Du schreibst, dass Du jede Englischstunde einschläfst. In den anderen Stunden scheint das nicht zu passieren. Woran liegt das? Sind die Englischstunden immer spät oder magst Du Englisch nicht, oder hast vielleicht sogar etwas Angst davor?
Wie schaffst Du es in den anderen Stunden wach zu bleiben und wie hast Du das in den letzten Jahren geschafft?
Wenn Du Zeit hast, dann setzt Dich einmal in Ruhe hin und gehe Dein Leben durch. An welche glücklichen Momente erinnerst Du dich?
Was waren das für Situationen?
Wie alt warst Du jeweils?
Was hast Du in diesen Situationen gedacht und gefühlt?
Bewerte diese Situationen auf einer Skala von 0 bis 10, wobei 0 für "Absolut grässlich und maximal depremierend" und 10 für "Einfach himmlisch, so müsste es immer sein" steht.

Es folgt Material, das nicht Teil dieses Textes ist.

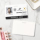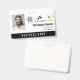Abzeichen von Büroangestellten mit einem sauberen minimalistischen Design in Schwarz und Weiß. Fügen Sie ein Foto des Mitarbeiters zusammen mit Namen und Beruf hinzu. Personalisieren Sie weiter mit drei Logos und dem Namen des Unternehmens.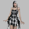 Rock Punk Kockás Pántos Ruha Fűzős Részletekkel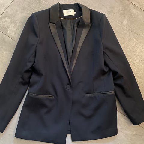 Munthe Cordfløyel dressjakke, dressbukse str 34 og vest i beige, størrelse S. Dressjakken har en knapp foran og to lommer med klaff. Vesten har knapper foran og justerbar belte på baksiden. Rette bukser .Materialet er cordfløyel, egnet for kvinner.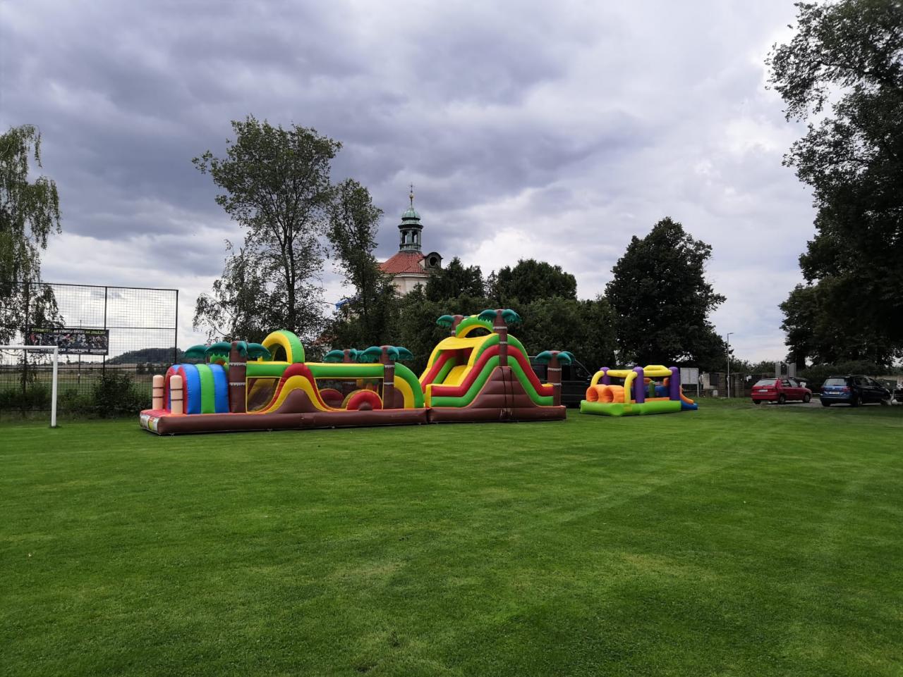Během vystoupení kouzelníka nás dostihl déšť, který nakonec ustal a pak už nic nebránilo tomu, aby si děti pořádně zařádily a zasoutěžily.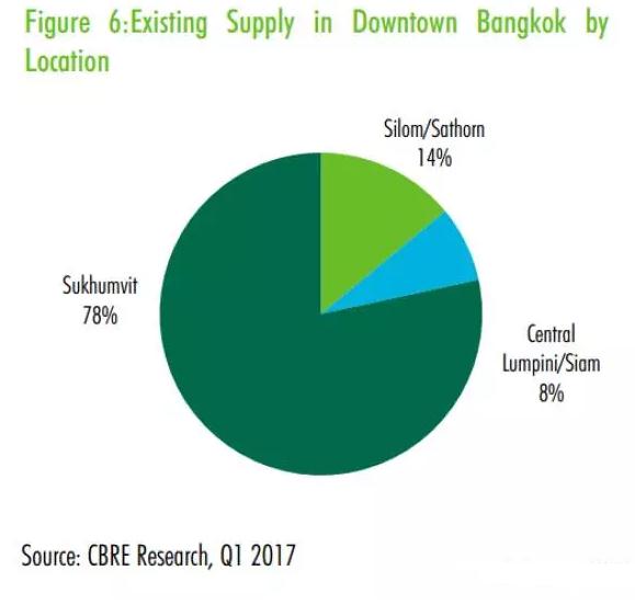 在第2017第一季度中,曼谷公寓供应在市中心区的建筑物总计约10510个单位,同比降低5%,这是由于市场基于在曼谷市中心的城市规划,以及移除一些公寓正在翻新或关闭。未来高端的公寓供应非常有限。此区域中只有500套公寓正在计划或建设中。在曼谷中,外籍人士持有工作许可证的数量增加了0.5%,同比增长2.1%,中国人(13%)在曼谷目前属于持有工作许可证的数量排名第二的外籍人士,而日本外籍人士如今是最大比例,在此中,中国人在曼谷买房的预算低得多,2017年第一季度的入住率为95.9%,增加0.5,同比增加了0.8个百分点。甲级公寓租金曼谷市中心是453泰铢 /m²/月;Lumpini 以及siam区域仍然是最高租金,甲级写字楼租金水平481 /m²/月。

Dann überlege, wann es Dir schlecht ging
Was waren das für Situationen?
Wie alt warst Du jeweils?
Was hast Du in diesen Situationen gedacht und gefühlt?

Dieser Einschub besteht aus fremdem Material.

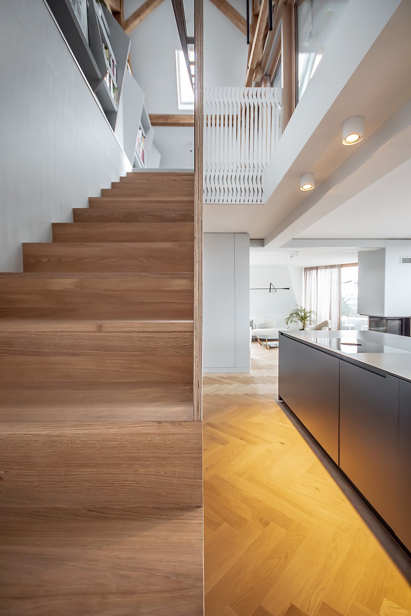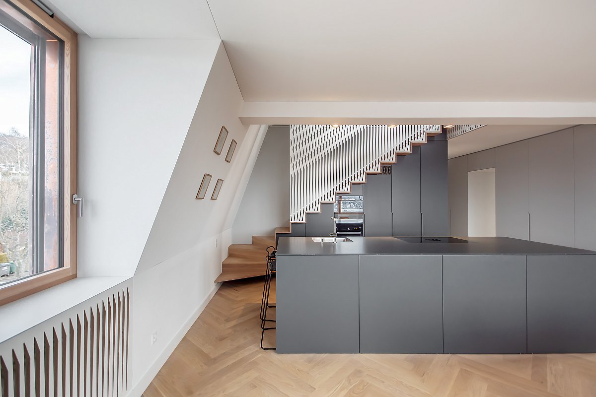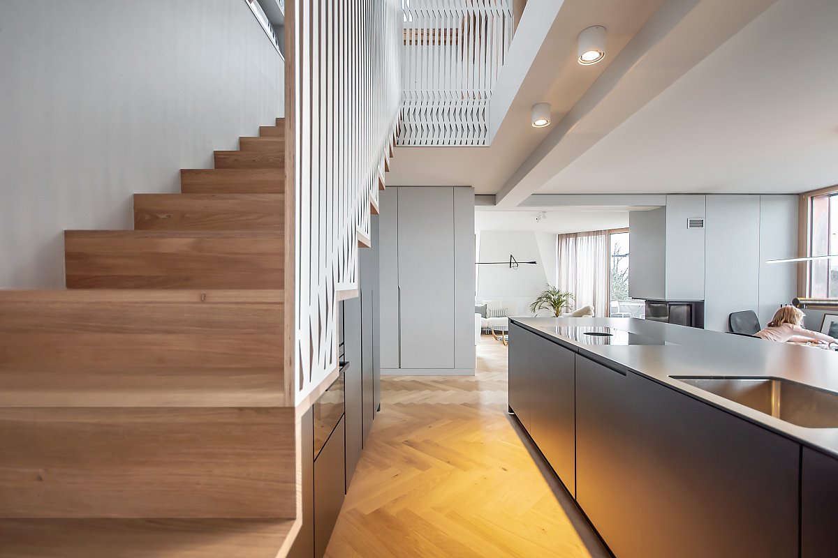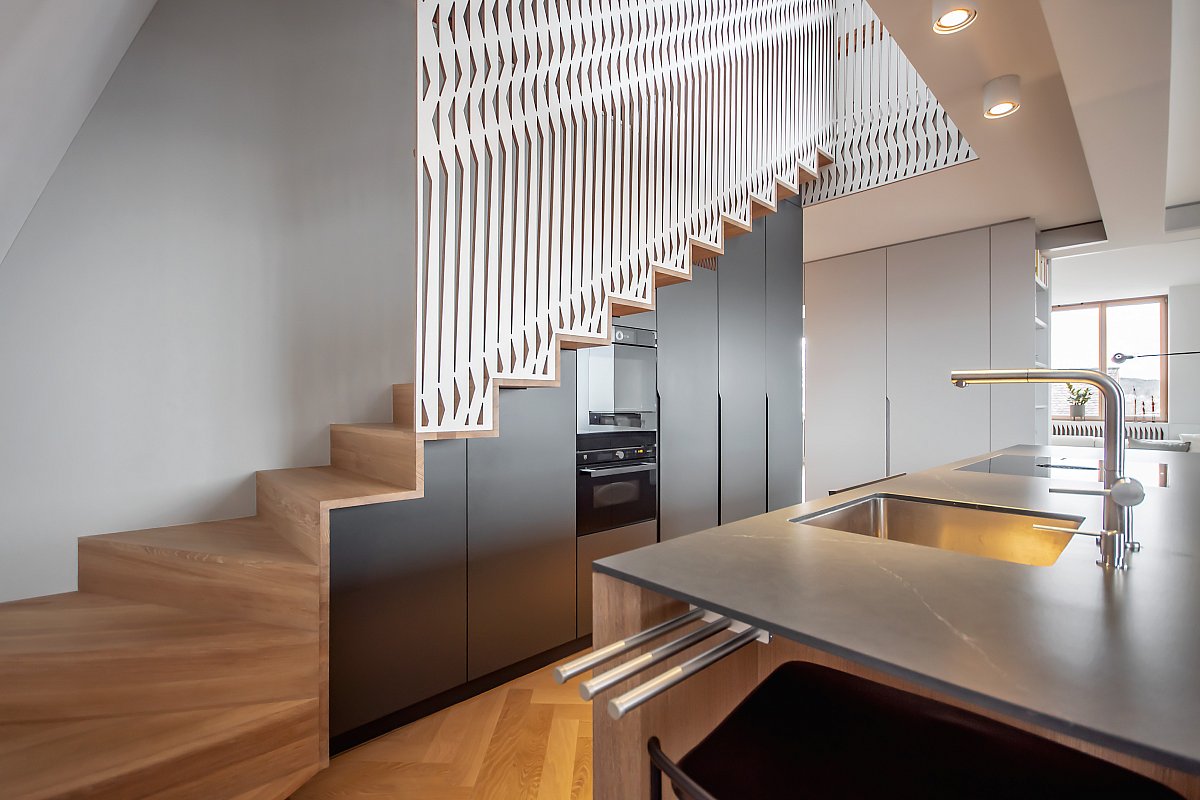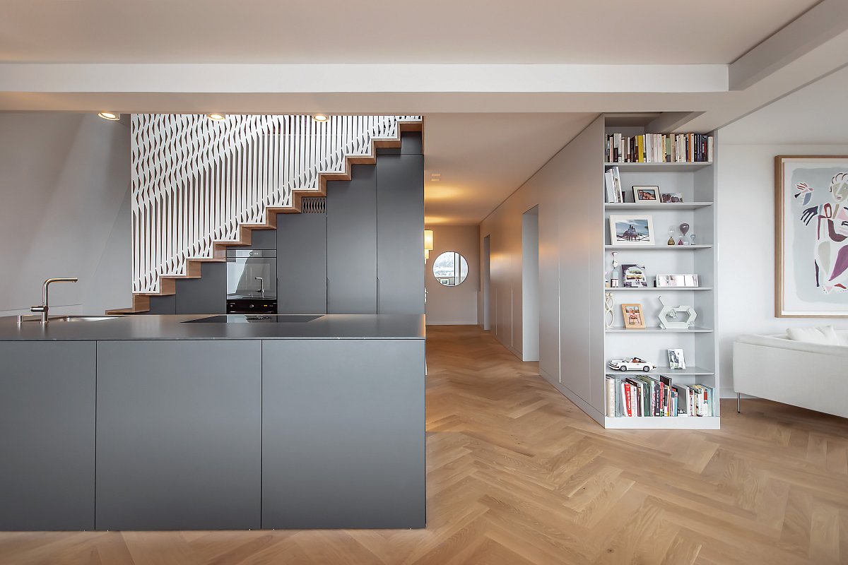 Diese Küche besticht durch schlichte Eleganz und ist das Herzstück eines stilvollen Innenraums. Die Eiche in Lamellenoptik harmoniert perfekt mit den abgestimmten Seitenwänden und der Steinabdeckung. Eine praktische Schiebetür in der Küchenrückwand verbindet sie nahtlos mit dem Esszimmer, während Farben und Formen fließend zwischen den Räumen übergehen.

Und schließlich bewerte Deine aktuelle Situation auf der Skala und beantworte Dir ebenfalls die 3 Fragen, vor allem die letzte Frage: was denkst Du über Deine aktuelle Situation und welche Gefühle löst das in Dir aus.
Für mich klingt es, als ob Du im Moment auf der Skala bei 0 oder 1 bist. Kann auch falsch sein. Bewerte Du Deine aktuelle Situation.
Egal welchen Wert Du vergibst: überlege Dir, was passieren müsste, damit Du von diesem Wert einen halben Punkt höher kommst.
Angenommen Du hättest Angst Sachen nicht zu verstehen: was könntest Du tun, um diese Situation zu verbessern?
Mit anderen Klassenkameraden lernen?
Nachhilfe nehmen?
Vermutlich gab es in der 8. und 9. Klasse auch Fächer und Themen, die schwierig waren. Wie hast Du damals alle Klippen gemeistert? Kannst Du auf die gleiche Weise Deine heutigen Herausforderungen meistern?
Stell Dir vor heute Nacht geschieht ein Wunder und alle Deine Sorgen und Probleme lösen sich in nichts auf. Du merkst es aber nicht, weil Du schläfst.
Morgen früh wachst Du dann auf und beginnst mit Deinem Tag.
1. Woran merkst Du, dass dieses Wunder geschehen ist?
2. Was ist dann anders? Was wirst Du dann tun, was Du jetzt nicht tust?
3. Was wird den Menschen, die Dich kennen als erstes auffallen?
Ich wünsche Dir alles Gute und viel Erfolg!